Unhappy Shareholders

A new filing in a shareholder suit claims Halliburton systematically overstated financial results from 1998, when Vice President Cheney was in charge, to 2001. The suit cited four unidentified employees. The company denied it. Meanwhile, the firm agreed to pay $7.5 million to settle Securities and Exchange Commission charges that it didn't disclose a change in accounting methods that helped boost reported earnings. Fines were also levied against two top finance officials.

Tech IPO, Interrupted

It was to be the biggest tech initial public offering in five years -- the one that would put the entire sector back in Wall Street's good graces. But now it looks like Google will put off its IPO until September, reflecting a lack of interest on the part of big investors and an embarrassing admission that the company may have illegally issued 29 million shares of stocks and options without registering them. California officials are investigating.

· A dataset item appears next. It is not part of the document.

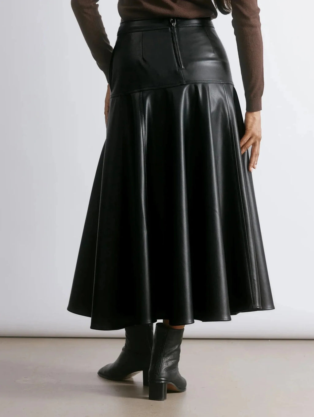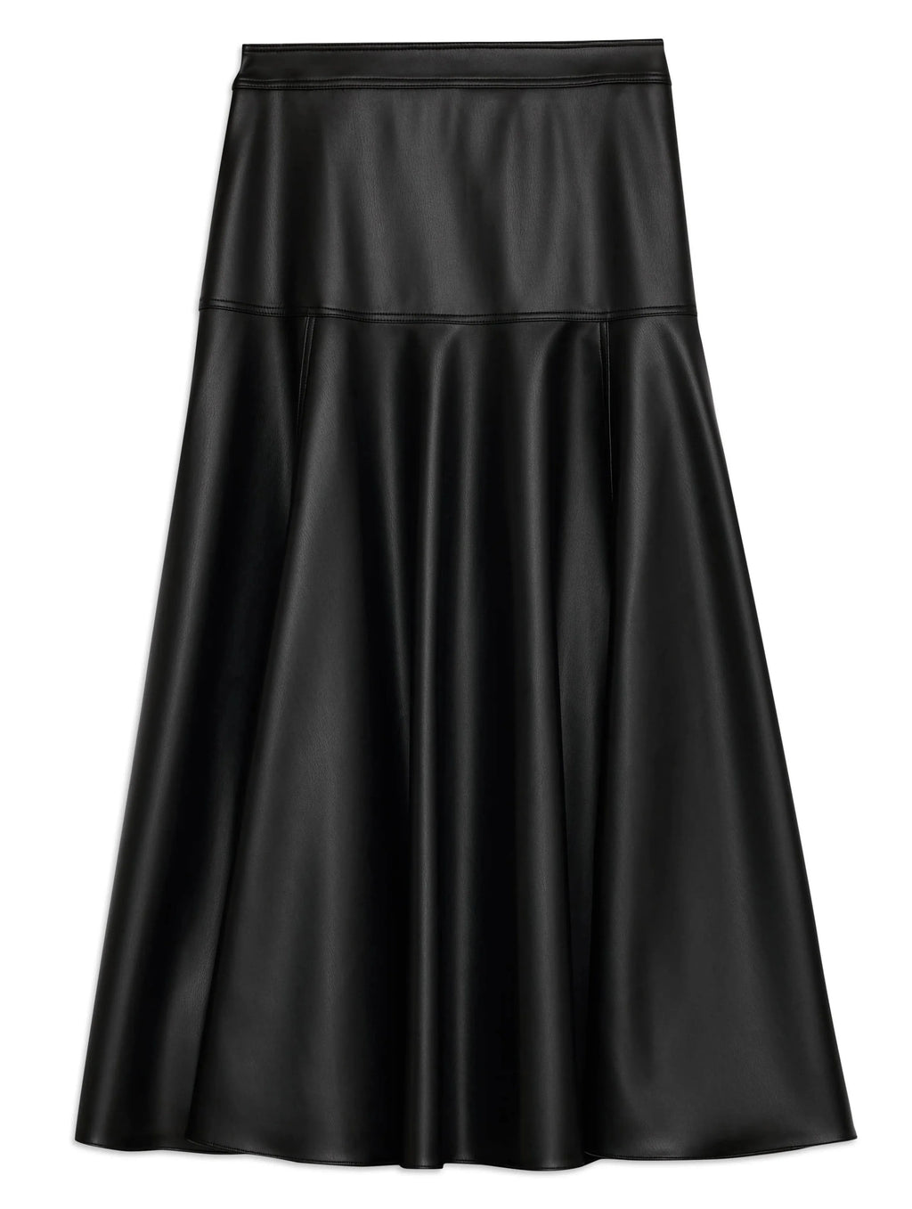 This black midi skirt is designed with a deep fitted waist and full skirt for a flattering silhouette .

Meanwhile, seven other IPOs were pulled because of weak market demand.

Bristol-Myers's Headaches

Just days after agreeing to pay $300 million to settle a shareholder suit, Bristol-Myers Squibb ponied up an additional $150 million to settle SEC charges that it overstated revenue by $2.5 billion between 1999 and 2001. The company, which did not admit wrongdoing, nonetheless agreed to take steps to ensure it wouldn't happen again. A criminal probe of its executives continues. Meanwhile, the company was one of 44 sued by New York City for allegedly overcharging its Medicaid program.

Trouble on the Line

MCI acknowledged that it, like AT&T and Sprint, is retreating from marketing consumer long-distance services. Many analysts consider it only a matter of time before the companies are forced to sell out to the stronger regional phone companies, which are now in a better position to offer packages of local and long-distance services. But the regionals are unlikely to make any offers while share prices continue to fall. Meanwhile, AT&T warned of a possible massive write-down of assets as its bonds fell to "junk" status.

Oil Firms Under Scrutiny

The SEC began an inquiry into four oil companies and their relationship to the government of oil-rich Equatorial Guinea. Exxon Mobil, Marathon Oil, Amerada Hess and ChevronTexaco all denied they had violated anti-bribery laws. But a Senate probe of District-based Riggs Bank recently uncovered evidence that the companies entered into business ventures with companies owned in part by the country's dictator, other top officials and their families.